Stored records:
• • • • •

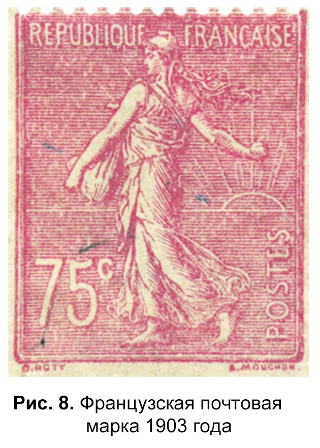 Впервые девушку-сеятельницу во фригийском колпаке изобразил в 1896 году молодой график и скульптор Луи Оскар Роти (его фамилия была помещена в нижней части рисунка и осталась на монетах). Рисунок Роти неоднократно побеждал в различных конкурсах. В 1897 году он впервые появился на французской монете 50 сантимов, а в 1903 году — на французских почтовых марках (рис. 8).
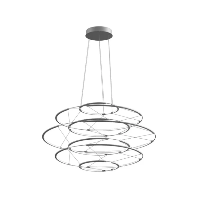 Ljuskällan kommer från de integrerade linjära LED-lamporna som sitter inuti ringarna, vilka ger både effektiv och vackert diffust ljus. Dessa dimbara LED-lampor gör att den minimalistiska ljuskronan sprider ett mjukt och inbjudande sken, samtidigt som den behåller sin starka, skulpterade närvaro. Drop är perfekt som blickfång i matsalar och vardagsrum, men även i större utrymmen som hotellfoajéer, restauranger och allmänna utrymmen.
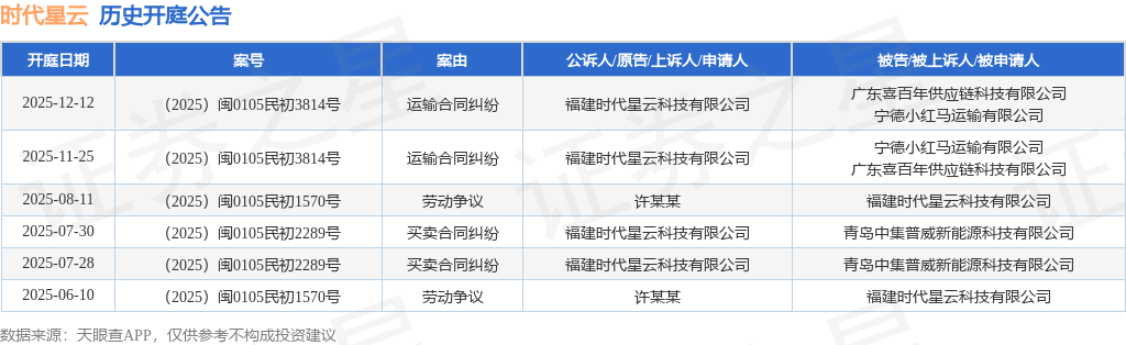 根据统计,近一年内以福建时代星云科技有限公司为当事人的历史开庭公告有6则,其中案由为“买卖合同纠纷”的公告以2则居首,其次为“劳动争议”有2则,“运输合同纠纷”有2则。历史开庭公告如下:
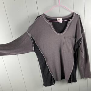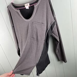 BiBi mixed v-neck pocket thermal tee
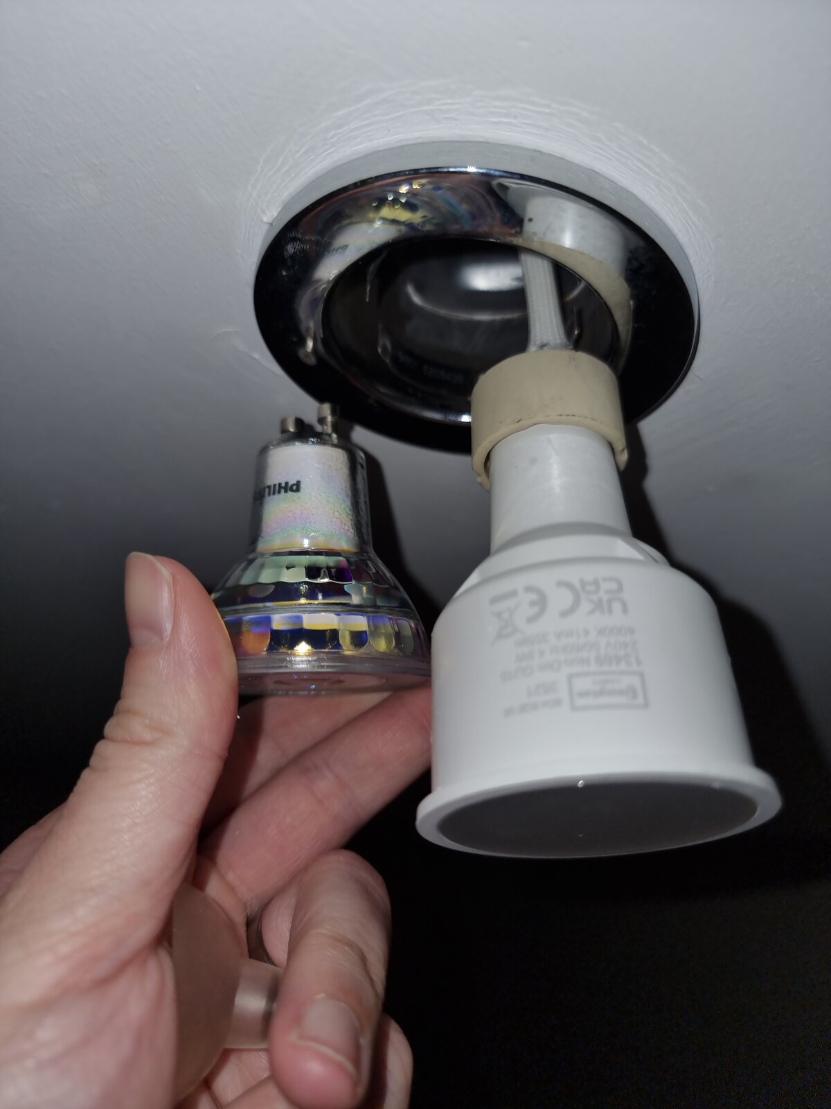 I'm at my wits end with these downlights. I finally cracked how to get the bulbs out (literally brute force pull them down somehow, no twisting here sadly) and went to replace them with some decent bulbs to find that the new bulbs just slip straight out. Am I being a moron and are these downlights designed for a specific bulb type? The socket is obviously GU10 but I can't figure out why a 'standard' GU10 bulb just flops itself back out... very frustrating
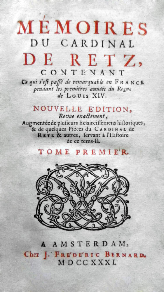 «Мемуары» кардинала де Реца впервые увидели свет лишь после его смерти, в 1717 году, и с тех пор неоднократно переиздавались, став неоценимым источником сведений о героической эпохе французской истории.

• • • • •

Prompt: Please retype the data exactly. The pictures do not go in.

Task result:
 Впервые девушку-сеятельницу во фригийском колпаке изобразил в 1896 году молодой график и скульптор Луи Оскар Роти (его фамилия была помещена в нижней части рисунка и осталась на монетах). Рисунок Роти неоднократно побеждал в различных конкурсах. В 1897 году он впервые появился на французской монете 50 сантимов, а в 1903 году — на французских почтовых марках (рис. 8).
 Ljuskällan kommer från de integrerade linjära LED-lamporna som sitter inuti ringarna, vilka ger både effektiv och vackert diffust ljus. Dessa dimbara LED-lampor gör att den minimalistiska ljuskronan sprider ett mjukt och inbjudande sken, samtidigt som den behåller sin starka, skulpterade närvaro. Drop är perfekt som blickfång i matsalar och vardagsrum, men även i större utrymmen som hotellfoajéer, restauranger och allmänna utrymmen.
 根据统计,近一年内以福建时代星云科技有限公司为当事人的历史开庭公告有6则,其中案由为“买卖合同纠纷”的公告以2则居首,其次为“劳动争议”有2则,“运输合同纠纷”有2则。历史开庭公告如下:
 BiBi mixed v-neck pocket thermal tee
 I'm at my wits end with these downlights. I finally cracked how to get the bulbs out (literally brute force pull them down somehow, no twisting here sadly) and went to replace them with some decent bulbs to find that the new bulbs just slip straight out. Am I being a moron and are these downlights designed for a specific bulb type? The socket is obviously GU10 but I can't figure out why a 'standard' GU10 bulb just flops itself back out... very frustrating
 «Мемуары» кардинала де Реца впервые увидели свет лишь после его смерти, в 1717 году, и с тех пор неоднократно переиздавались, став неоценимым источником сведений о героической эпохе французской истории.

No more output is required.